Aim of the task: Starting at the line below that contains "The PCA plot" and ending at the line that contains "A Procuradoria Especial", retype each line exactly as it stands, but omit the pictures.

Source data:
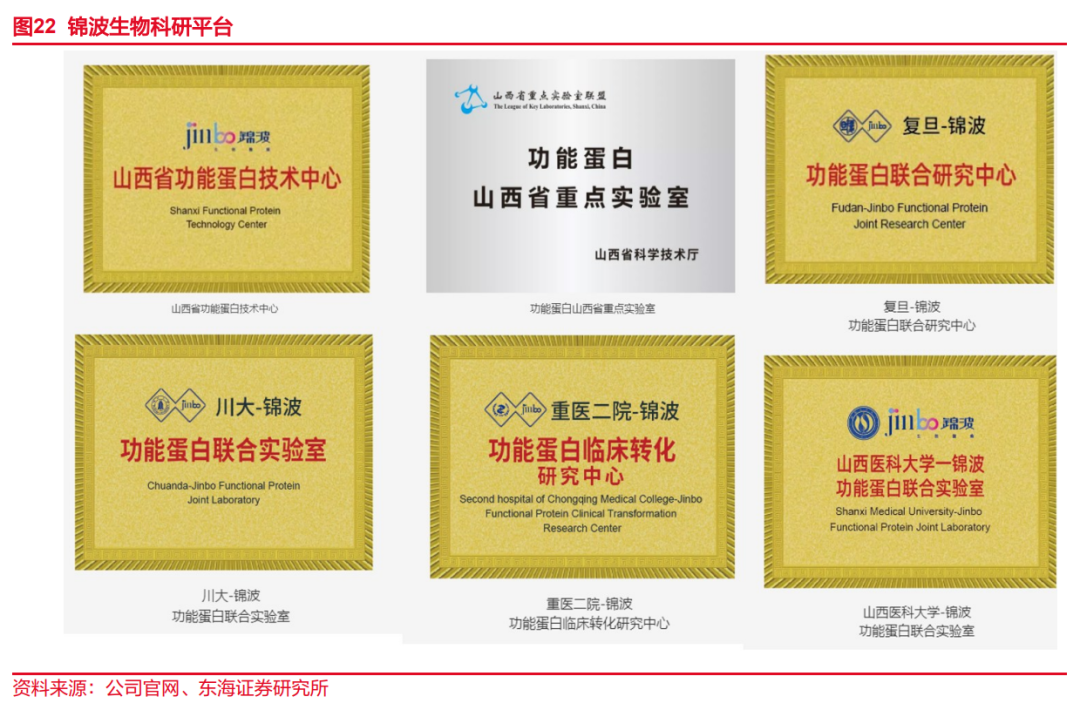 研发实力方面,1)公司以自主研发为主,同时结合产学研合作开发,建立了六大核心技术平台。公司与高校、医院等长期保持合作,建设有山西省功能蛋白技术中心、复旦-锦波功能蛋白联合研究中心、功能蛋白山西省重点实验室、川大-锦波功能蛋白联合实验室、重医二院-锦波功能蛋白临床转化研究中心等多个科研机构,涉及基础研究、临床研究、产业化研究等多个领域,推进不同类型胶原蛋白的空间结构及功能位点解析,为后续产品研发及产业化生产等奠定基础。2)研发团队专业。截至2024年底,公司研发团队人数达212人,占总员工人数的25.76%,硕士及以上学历占比达40%。同时,公司聘请四川大学张兴栋院士为生物材料首席科学顾问、聘请复旦大学姜世勃教授为首席科学家,带领公司团队创新研发。公司研发团队及外聘专家为公司的研发工作带来了良好的理论与实践基础。截至2024年底,公司拥有104项专利,其中发明专利70项。
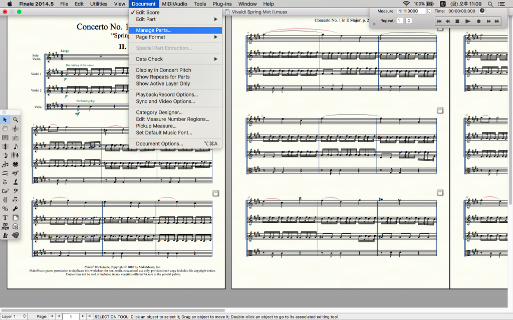 한 파일에 파트악보가 묶여서 저장되기 때문에 장수가 많고 복잡한 오케스트라 악보와 그 파트보의 경우에 꼭 필요한 기능이라고 할 수 있습니다.
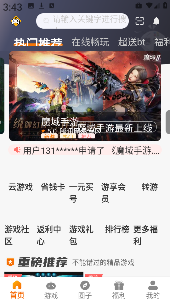 1、设有热门游戏排行榜和个性化推荐模块,助你发现当下最火的手游大作。
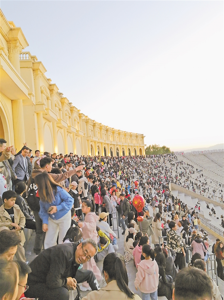 国庆节假期银川览山公园迎来客流高峰,10月1日—4日累计接待游客21万人次。 宁夏日报报业集团全媒体记者 焦小飞 摄
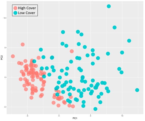 The PCA plot of the TLS metrics is presented in Figure 9. High-cover and low-cover classes were determined by using the DCB percentage metric with plots having more than 90% occluded cells counting as cover. There was an even split of plots that were high cover (80 plots) vs. low cover (80 plots) in our data.
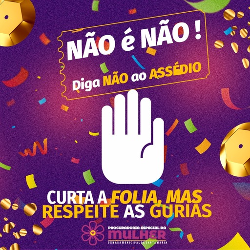 A Procuradoria Especial da Mulher do Legislativo de Santa Maria lança, nesse período de Carnaval, a campanha “Não é não – diga não ao assédio”, motivada, principalmente, pelos crescentes casos de crimes sexuais e outras formas de importunação contra a mulher nos últimos anos.
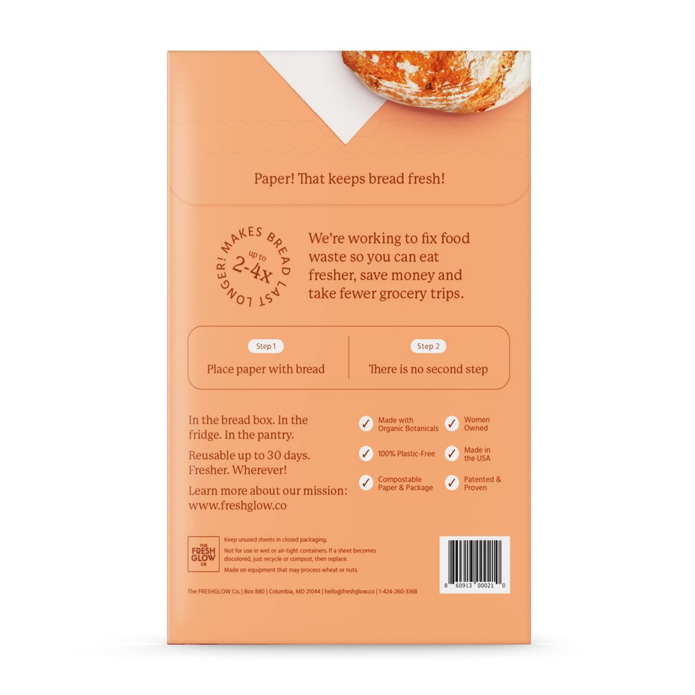 NATURALLY KEEP FOOD FRESH – FRESHPAPER Food-Saver Sheets for Bread & Baked Goods are 100% BPA-free, food-safe, -free, and plastic-free. Scientifically proven, patented product infused with organic that naturally extends the life of fresh baked goods for up to 2-4 times longer. SAVE MONEY – FRESHPAPER reduces costly food spoilage and lets you buy & fresh breads without preservatives. Each package contains 8 Reusable FRESHPAPER Food-Saver Sheets for Bread & Baked Goods. Each sheet keeps working for a month or until the distinctive maple-like scent fades. Save money & enjoy fresh baked goods for longer. EASY TO USE FLEXIBLE DESIGN - Just add FRESHPAPER to any bread bag, container, bread box etc. to preserve your baked goodies for up to 2-4 times longer. Ideal for fresh bagels, cupcakes, baguettes, muffins, quick breads, and other pastries. They can even be cut into custom sizes to fit small containers. SUPPORTS A HEALTHY LIFESTYLE- By extending the life of your fresh breads and baked goods up to 2-4 times longer, FRESHPAPER makes it easier to maintain a healthy lifestyle. Eating healthy can be hard, so take the out of home baking, meal prep & fresh food storage with easy-to-use FRESHPAPER sheets. ECO-FRIENDLY PROVEN SOLUTION – FRESHPAPER is the only patented, food saver product made with organic on the market. Proudly made in the USA. Each sheet is biodegradable, compostable, and recyclable and helps reduce global food waste. As seen on TV and QVC. Packaging may vary

Written answer:
 The PCA plot of the TLS metrics is presented in Figure 9. High-cover and low-cover classes were determined by using the DCB percentage metric with plots having more than 90% occluded cells counting as cover. There was an even split of plots that were high cover (80 plots) vs. low cover (80 plots) in our data.
 A Procuradoria Especial da Mulher do Legislativo de Santa Maria lança, nesse período de Carnaval, a campanha “Não é não – diga não ao assédio”, motivada, principalmente, pelos crescentes casos de crimes sexuais e outras formas de importunação contra a mulher nos últimos anos.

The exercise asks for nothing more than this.